MongoDB – sharding an collection with data already in it

mongodbsharding

I'm using Mongo (shell version 2.6.12) in a clustered configuration. Right now I have a few collections sharded, and was looking to shard another collection. This collection already has data in it. Once I run the command to shard the collection and give it it's key, will the cluster take the existing data and spread it across the multiple systems in my cluster, or will the existing data stay put on one server and any new data will then be spread across the other systems?

Best Answer

When you shard an existing collection, MongoDB will split the values of the shard key into chunk ranges based on data size and start rebalancing across shards based on the chunk distribution. Rebalancing a large collection can be very resource intensive so you should consider the timing and impact on your production deployment.

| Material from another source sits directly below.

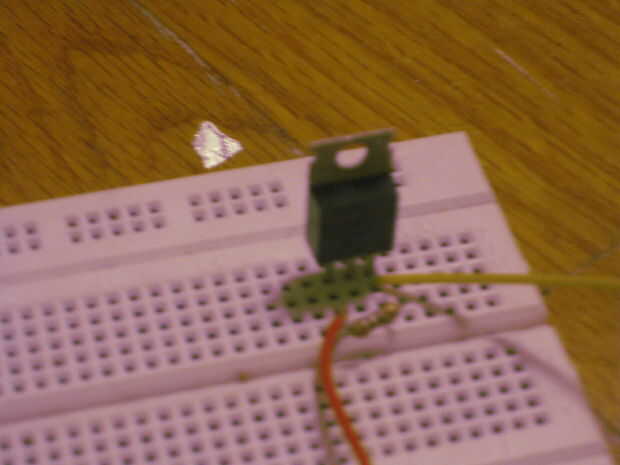 Soldar el cable positivo de la batería con el conector adecuado en el LM317. La soldadura de la resistencia de 10 ohm entre el pin central y el eje izquierdo. Luego de la soldadura el láser positivo a la patilla izquierda y el negativo directamente al negativo de la batería. La imagen muestra una resistencia de 5 ohm, pero debe ser un 10 ohmios. Si utilizas un 5 ohm, que todavía funciona y el láser será más poderoso, pero acortará la vida del diodo.

In MongoDB 2.6 (which reached end of life in October, 2016) the balancer will only perform one chunk migration at a time. In MongoDB 3.4 or newer the balancer can perform parallel chunk migrations with the restriction that each shard can participate in at most one migration at a time. As at MongoDB 3.6, that means that a sharded cluster with n shards can perform at most n/2 (rounded down) simultaneous chunk migrations.

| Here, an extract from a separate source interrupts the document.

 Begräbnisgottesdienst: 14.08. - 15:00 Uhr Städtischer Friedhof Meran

A faster approach to sharding a large existing collection would be to pre-split chunks in an empty collection based on the current data distribution for your shard key, and to then dump & restore your existing data into this new sharded collection. The pre-split approach minimizes rebalancing activities by creating appropriate chunk ranges so data is distributed on insert.

There have been significant performance improvements since MongoDB 2.6, so I would strongly recommend upgrading to a supported version of MongoDB (ideally MongoDB 3.4 or newer).